TASK DETAILS → I need the lines from the one containing "14家公募上半年業(yè)績" through the last line of the entries retyped exactly, with no pictures among them.

THE INPUT →
:::::
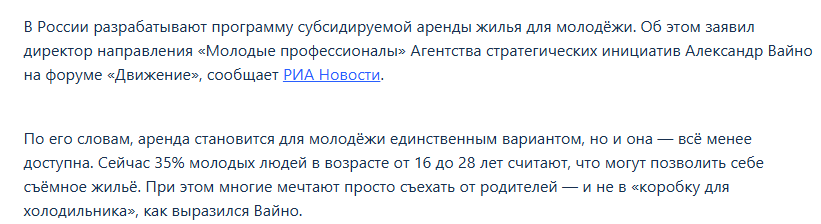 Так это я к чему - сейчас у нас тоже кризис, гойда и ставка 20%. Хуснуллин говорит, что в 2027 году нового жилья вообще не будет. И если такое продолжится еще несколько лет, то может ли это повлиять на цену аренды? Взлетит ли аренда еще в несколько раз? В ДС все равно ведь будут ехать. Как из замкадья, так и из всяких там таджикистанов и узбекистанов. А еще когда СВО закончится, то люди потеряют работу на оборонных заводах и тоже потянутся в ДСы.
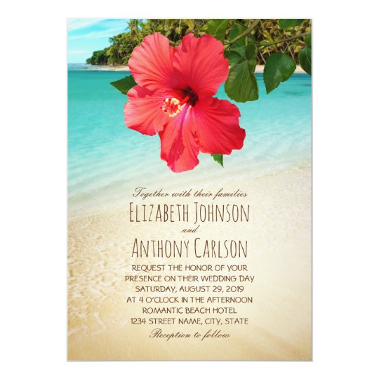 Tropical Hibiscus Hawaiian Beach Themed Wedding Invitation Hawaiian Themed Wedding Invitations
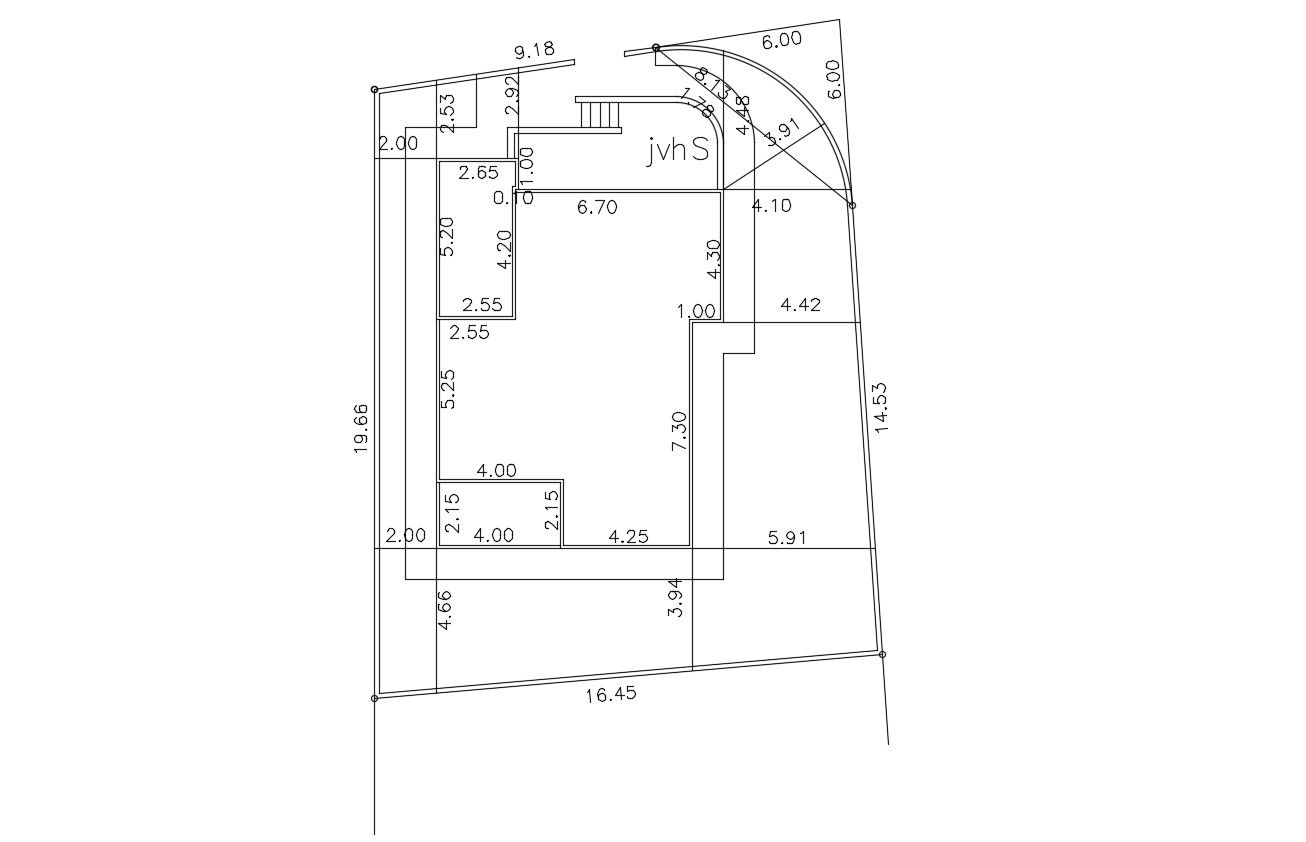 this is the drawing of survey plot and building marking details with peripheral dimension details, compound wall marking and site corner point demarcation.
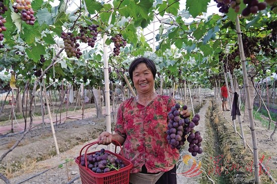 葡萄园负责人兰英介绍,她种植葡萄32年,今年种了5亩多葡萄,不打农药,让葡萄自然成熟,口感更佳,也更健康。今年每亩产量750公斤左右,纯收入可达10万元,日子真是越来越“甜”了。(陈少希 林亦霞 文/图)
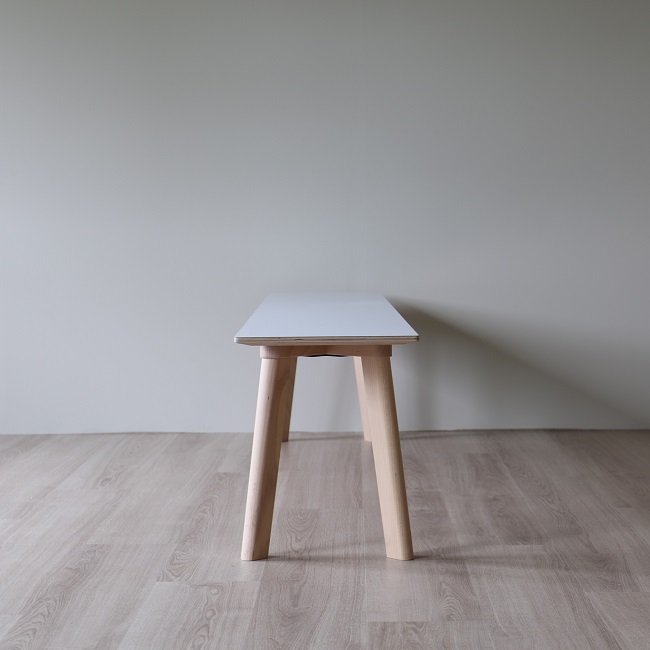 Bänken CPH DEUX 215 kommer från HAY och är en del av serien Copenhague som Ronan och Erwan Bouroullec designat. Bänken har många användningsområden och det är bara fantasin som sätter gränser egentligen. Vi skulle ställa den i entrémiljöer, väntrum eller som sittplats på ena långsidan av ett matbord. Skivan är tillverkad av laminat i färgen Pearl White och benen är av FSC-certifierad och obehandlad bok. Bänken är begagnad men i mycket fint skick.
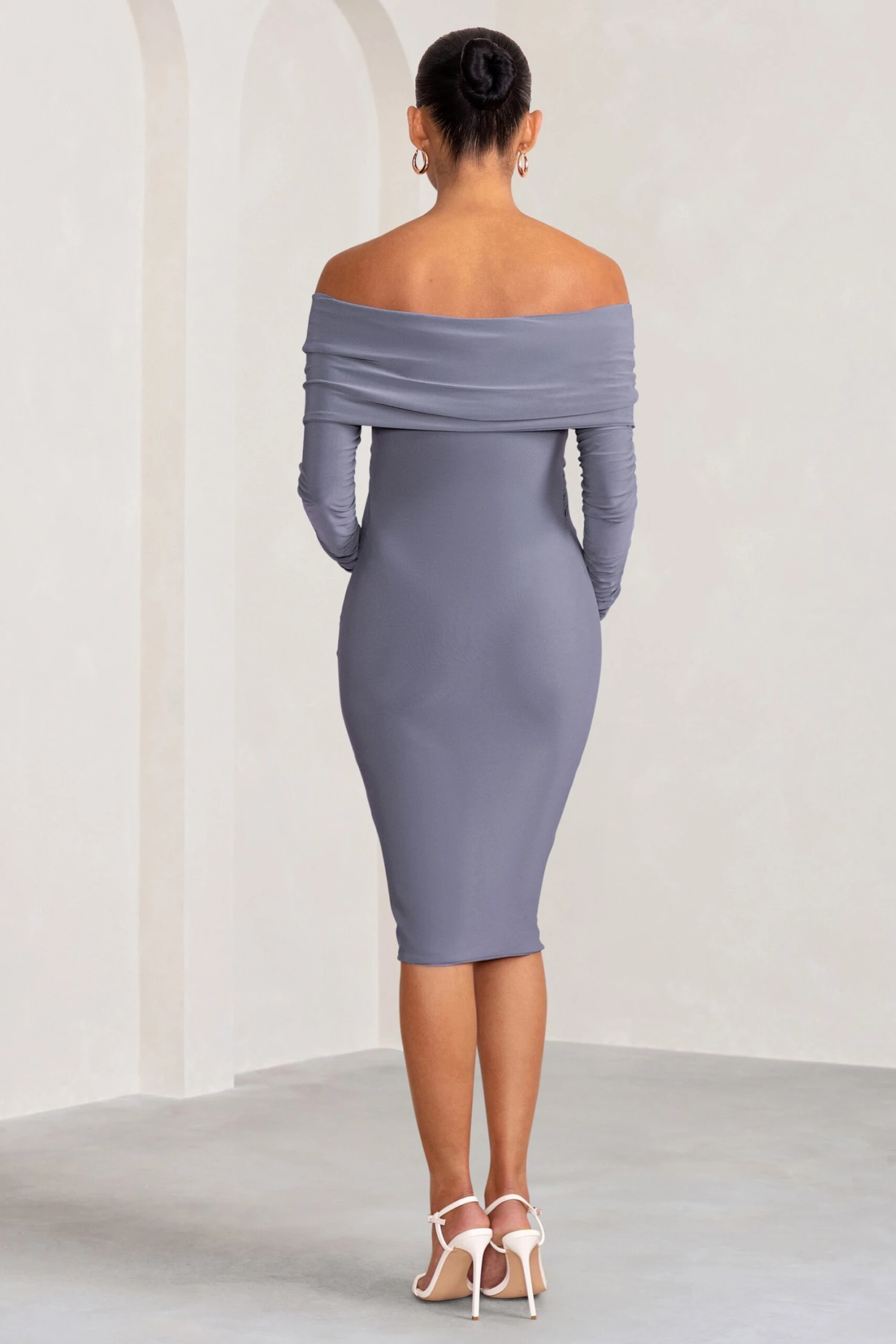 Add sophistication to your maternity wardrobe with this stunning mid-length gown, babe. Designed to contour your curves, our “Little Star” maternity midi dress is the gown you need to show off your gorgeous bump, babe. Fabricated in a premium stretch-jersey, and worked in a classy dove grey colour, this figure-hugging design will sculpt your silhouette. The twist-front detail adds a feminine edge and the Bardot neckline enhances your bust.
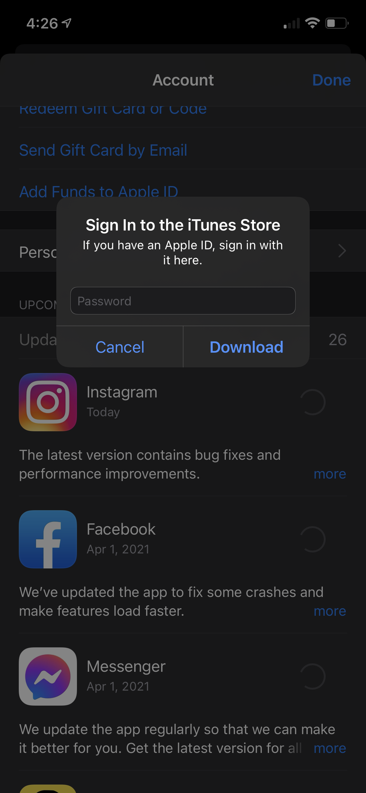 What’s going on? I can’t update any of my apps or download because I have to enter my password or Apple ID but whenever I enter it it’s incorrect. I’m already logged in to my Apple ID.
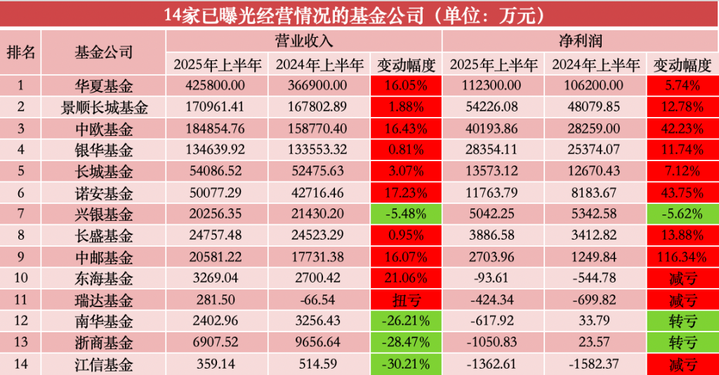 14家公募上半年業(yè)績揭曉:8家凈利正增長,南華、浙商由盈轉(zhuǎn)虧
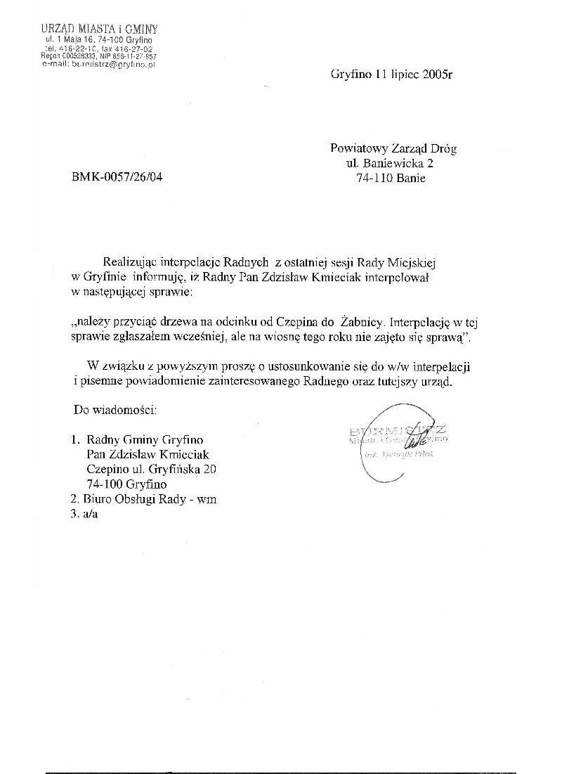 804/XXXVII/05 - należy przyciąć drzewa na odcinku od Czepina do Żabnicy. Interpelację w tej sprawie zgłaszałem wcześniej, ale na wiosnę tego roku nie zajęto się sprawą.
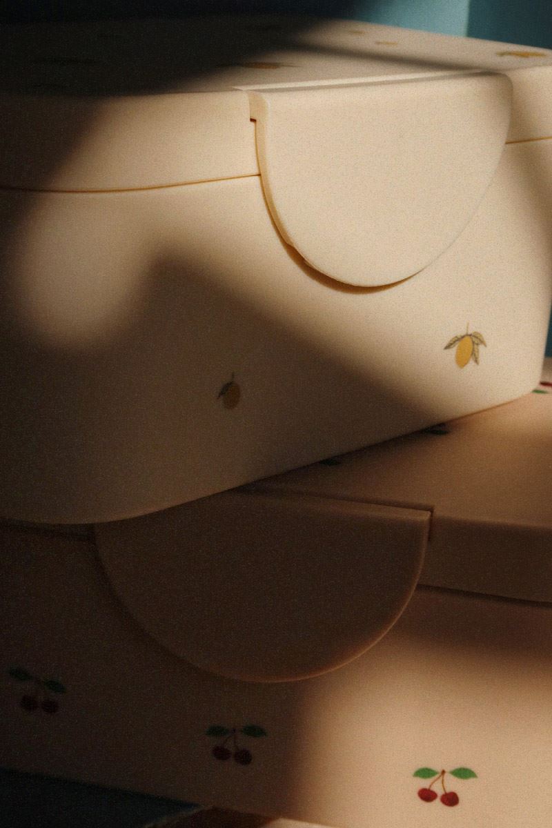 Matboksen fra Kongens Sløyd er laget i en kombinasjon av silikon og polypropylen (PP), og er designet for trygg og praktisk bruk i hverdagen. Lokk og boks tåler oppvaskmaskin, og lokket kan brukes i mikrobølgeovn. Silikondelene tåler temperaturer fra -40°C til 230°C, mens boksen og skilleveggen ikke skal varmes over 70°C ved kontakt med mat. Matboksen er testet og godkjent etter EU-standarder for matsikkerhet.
:::::
EXERCISE OUTPUT →
 14家公募上半年業(yè)績揭曉:8家凈利正增長,南華、浙商由盈轉(zhuǎn)虧
 804/XXXVII/05 - należy przyciąć drzewa na odcinku od Czepina do Żabnicy. Interpelację w tej sprawie zgłaszałem wcześniej, ale na wiosnę tego roku nie zajęto się sprawą.
 Matboksen fra Kongens Sløyd er laget i en kombinasjon av silikon og polypropylen (PP), og er designet for trygg og praktisk bruk i hverdagen. Lokk og boks tåler oppvaskmaskin, og lokket kan brukes i mikrobølgeovn. Silikondelene tåler temperaturer fra -40°C til 230°C, mens boksen og skilleveggen ikke skal varmes over 70°C ved kontakt med mat. Matboksen er testet og godkjent etter EU-standarder for matsikkerhet.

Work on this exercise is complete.